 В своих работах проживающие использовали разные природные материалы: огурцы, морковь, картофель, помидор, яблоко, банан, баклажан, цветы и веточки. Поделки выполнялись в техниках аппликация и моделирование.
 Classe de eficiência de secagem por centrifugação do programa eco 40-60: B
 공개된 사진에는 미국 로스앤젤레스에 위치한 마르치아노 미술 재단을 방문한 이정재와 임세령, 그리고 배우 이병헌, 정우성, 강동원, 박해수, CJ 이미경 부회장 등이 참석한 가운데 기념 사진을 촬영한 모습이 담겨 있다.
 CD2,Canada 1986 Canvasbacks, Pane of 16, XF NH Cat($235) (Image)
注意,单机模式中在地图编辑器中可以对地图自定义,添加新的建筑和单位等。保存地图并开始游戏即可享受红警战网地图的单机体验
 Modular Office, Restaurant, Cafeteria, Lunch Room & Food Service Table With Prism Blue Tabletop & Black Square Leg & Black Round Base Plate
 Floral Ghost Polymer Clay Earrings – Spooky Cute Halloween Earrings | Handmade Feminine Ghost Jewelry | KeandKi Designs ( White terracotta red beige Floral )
* * *
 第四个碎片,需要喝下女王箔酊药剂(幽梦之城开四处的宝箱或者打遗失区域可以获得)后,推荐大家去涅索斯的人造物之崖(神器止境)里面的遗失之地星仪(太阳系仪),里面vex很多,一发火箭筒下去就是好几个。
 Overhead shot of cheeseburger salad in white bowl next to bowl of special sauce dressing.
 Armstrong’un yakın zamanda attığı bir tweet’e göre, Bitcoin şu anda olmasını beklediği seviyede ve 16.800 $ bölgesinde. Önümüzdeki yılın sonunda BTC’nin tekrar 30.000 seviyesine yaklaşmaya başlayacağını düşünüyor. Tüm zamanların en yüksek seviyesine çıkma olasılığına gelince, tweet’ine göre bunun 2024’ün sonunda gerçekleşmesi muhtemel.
--
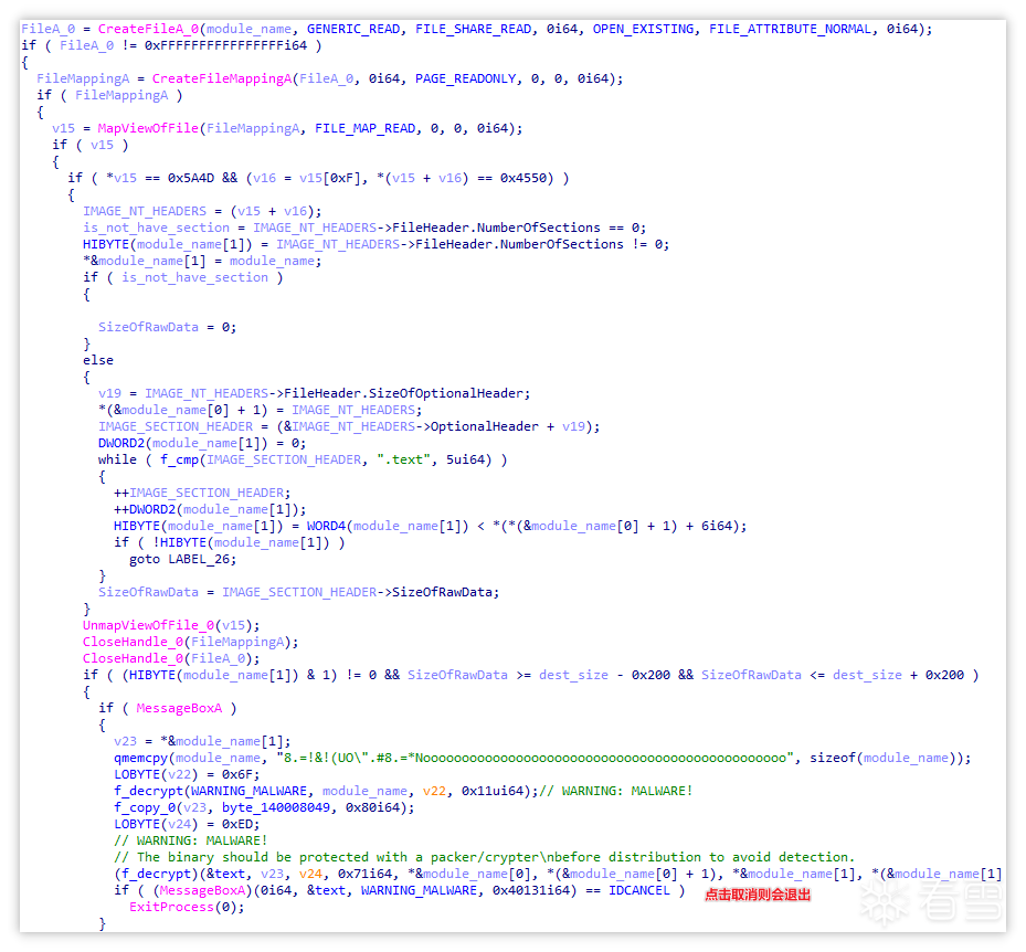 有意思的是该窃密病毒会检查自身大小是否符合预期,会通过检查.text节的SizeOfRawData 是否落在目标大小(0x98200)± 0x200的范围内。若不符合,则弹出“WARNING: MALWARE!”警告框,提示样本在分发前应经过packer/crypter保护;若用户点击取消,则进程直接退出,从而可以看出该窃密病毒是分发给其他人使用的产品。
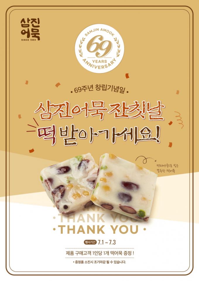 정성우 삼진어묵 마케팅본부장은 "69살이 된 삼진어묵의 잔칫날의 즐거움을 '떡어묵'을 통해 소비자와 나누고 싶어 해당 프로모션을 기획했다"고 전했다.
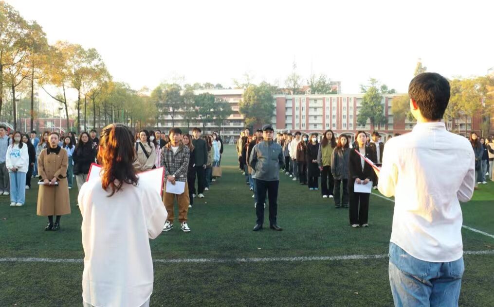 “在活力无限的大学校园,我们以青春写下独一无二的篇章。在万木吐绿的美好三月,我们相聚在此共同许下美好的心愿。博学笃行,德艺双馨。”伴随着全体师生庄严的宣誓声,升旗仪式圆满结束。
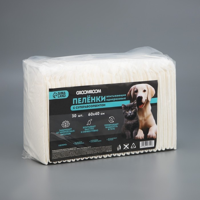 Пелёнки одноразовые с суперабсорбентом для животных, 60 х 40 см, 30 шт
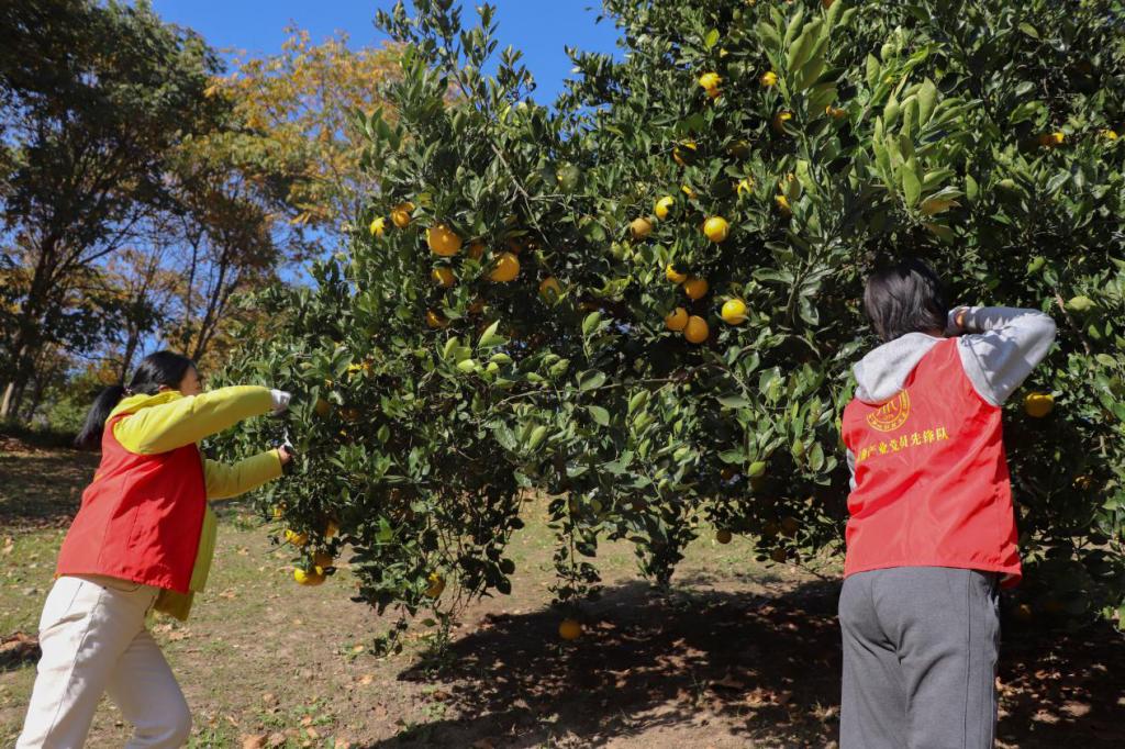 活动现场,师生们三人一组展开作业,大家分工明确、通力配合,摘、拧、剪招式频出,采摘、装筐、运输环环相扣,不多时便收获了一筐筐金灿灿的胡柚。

◆ Work instruction ◆
For this exercise, please output exactly the lines above starting at the line with "Classe de eficiência" and ending at the line with "Floral Ghost Polymer", ends included.

◆ Answer to this task ◆
 Classe de eficiência de secagem por centrifugação do programa eco 40-60: B
 공개된 사진에는 미국 로스앤젤레스에 위치한 마르치아노 미술 재단을 방문한 이정재와 임세령, 그리고 배우 이병헌, 정우성, 강동원, 박해수, CJ 이미경 부회장 등이 참석한 가운데 기념 사진을 촬영한 모습이 담겨 있다.
 CD2,Canada 1986 Canvasbacks, Pane of 16, XF NH Cat($235) (Image)
注意,单机模式中在地图编辑器中可以对地图自定义,添加新的建筑和单位等。保存地图并开始游戏即可享受红警战网地图的单机体验
 Modular Office, Restaurant, Cafeteria, Lunch Room & Food Service Table With Prism Blue Tabletop & Black Square Leg & Black Round Base Plate
 Floral Ghost Polymer Clay Earrings – Spooky Cute Halloween Earrings | Handmade Feminine Ghost Jewelry | KeandKi Designs ( White terracotta red beige Floral )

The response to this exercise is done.